The Haven is one of many inpatient drug-treatment programs in Tucson, but executive director Margaret Higgins said it sets itself apart as the only program here that accepts exclusively women.

“Many of our women have had terribly abusive relationships. They mature and get into relationships that are very negative,” Higgins said. “The program allows them to more deeply express their history.”

In addition, The Haven is one of just two treatment centers in Tucson where addicts are allowed to have young children living with them. Joyce Morgan, chief of clinical services at The Haven, said this policy helps the women in the program stay focused on their treatment rather than worrying about their kids being in harmful situations.

“We find that when they’re here with their children, the reason they want to get better is sitting right in front of them,” Morgan said.

Recovering addicts live on the property and take classes over the course of the 90-day program.

Natividad Cano, one of the counselors at The Haven, said the program has three 30-day phases: self-identification, in which the women learn about addiction and see how it affects them; growth, in which they create a plan for living a sober lifestyle after they graduate; and reintroduction to the community, in which they build funds and try to find work after the program ends.

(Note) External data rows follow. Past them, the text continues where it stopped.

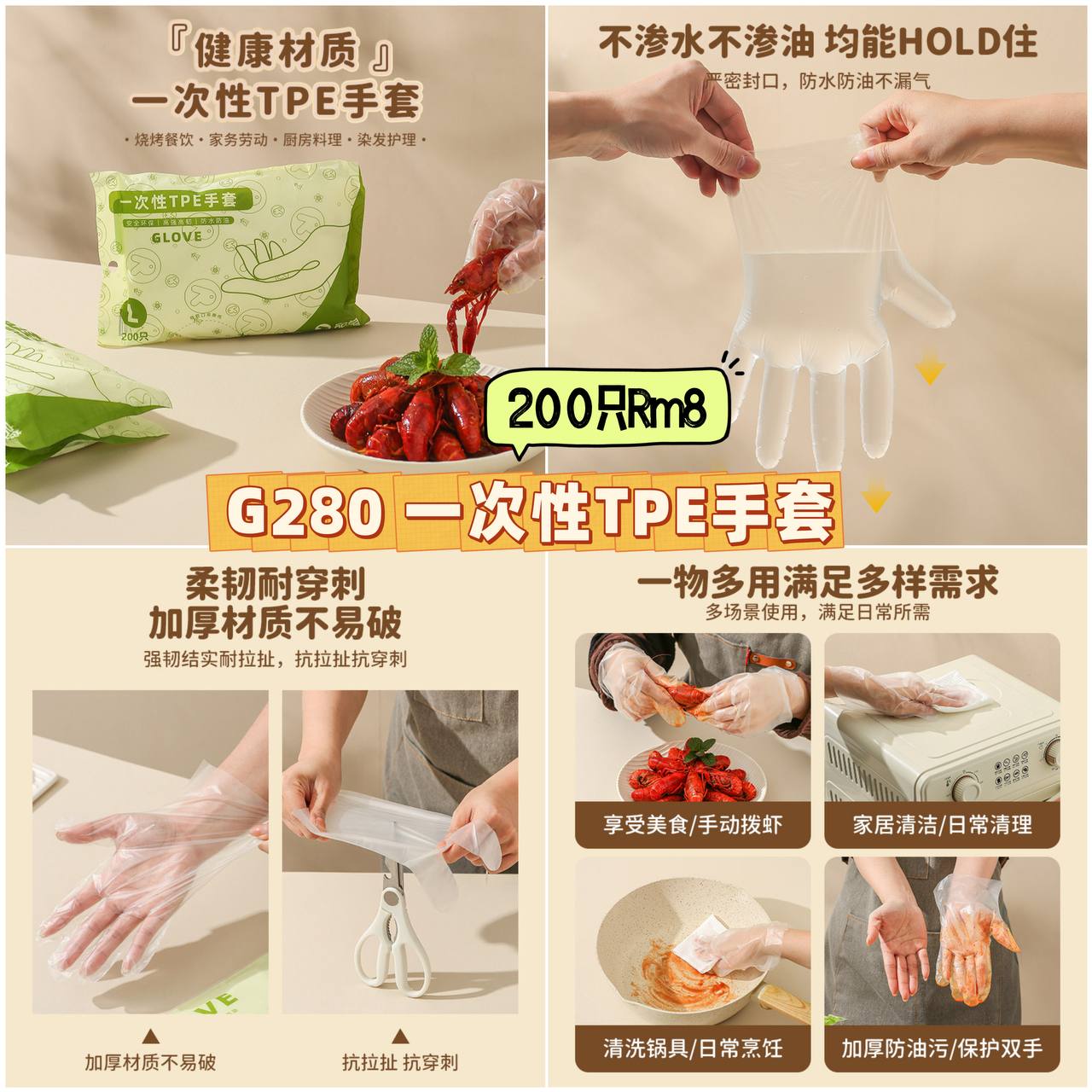 G280 一次性TPE手套 💰200只Rm8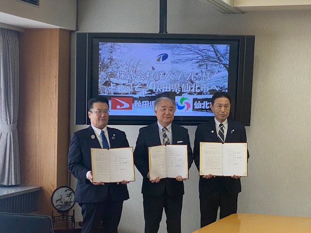(左から、田口市長、杉澤 芳富 代表取締役、神部秋田県副知事)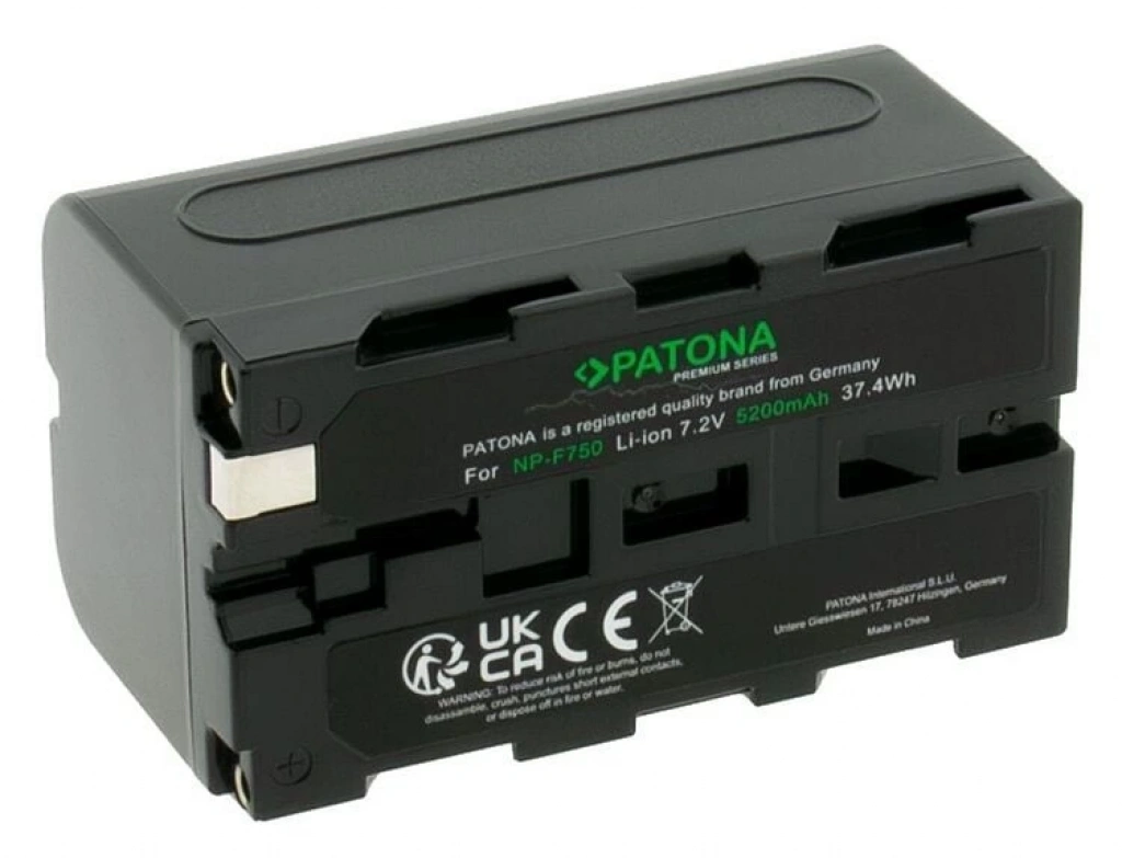 PATONA Premium 1176 Batarya, Sony NP-F serisi kameralar ve video ekipmanları için özel olarak geliştirilmiş yüksek kapasiteli bir yedek pildir. 5200mAh / 37,4Wh / 7.2V değerleriyle uzun çekim süreleri sunar. Li-Ion teknolojisi sayesinde dayanıklı, hafif ve güvenilirdir.

Morgan said the treatment results have largely been positive. Heroin is a famously difficult drug to kick permanently, but she said the program graduates around 70 percent of its members and uses after-care programs like the one Johnson was admitted to after graduating.

“At The Haven, we watch a woman’s treatment process, and you can actually see the person that they used to be re-emerge, and they change in front of your eyes,” Morgan said.

Chelsea Gallagher-Campas, a recovering heroin addict who had been in the program for almost 60 days when interviewed, said she had already seen improvement after kicking her addiction.

“The one thing about The Haven is that it’s a family, this is your foundation,” Gallagher-Campas said. “I will walk out of here with coping skills and a new life, but I also know that when I have a breaking point and I need help, this is the place I’m going to run to.”

Prevention is a piece of the puzzle as well, and private and public agencies in Tucson are looking for ways to prevent heroin addiction before people start using.

The UA’s Southwest Institute for Research on Women partnered with CODAC, a behavioral health program based in Tucson that focuses on drug prevention, to implement Step Forward II. The five-year program enrolls kids between the ages of 12 and 17 who don’t qualify for other health services to provide programming on sexual health and drug-prevention topics, including with heroin.

Claudia Powell, the program evaluator for Step Forward II, said 4.5 percent of participants were opiate users.

“Opiates have become more of an issue in recent years, and we want to make sure that our program reflects those changes,” Powell said.

The program uses individual and group therapy sessions, and participants are asked about their previous 30-day substance abuse, in addition to sexual-health choices.

“We know that people who are abusing substances are more likely to make riskier sexual-health decisions, so we want to take care of both halves of that,” Powell said.

Ultimately however, the UA’s Shirazi said Tucson needs a multipronged strategy to better manage the heroin epidemic, one built around interdiction of drugs and treatment of heroin addiction and overdoses.

“We are a small state, and we are not a rich state,” Shirazi said. “Law enforcement and treatment centers do a great job with what they have, but they could always use more resources.”

Johnson’s story didn’t end when she walked out of The Haven as a graduate in June 2014. She said she attends four to five support groups per week, and late in 2014 she received permission from her probation officer to look for housing that is not part of a halfway home. She said the incentive of never having to go back to prison was enough to stay clean.

“You have to be honest about yourself and your issues,” Johnson said. “In the end, you only hurt yourself.”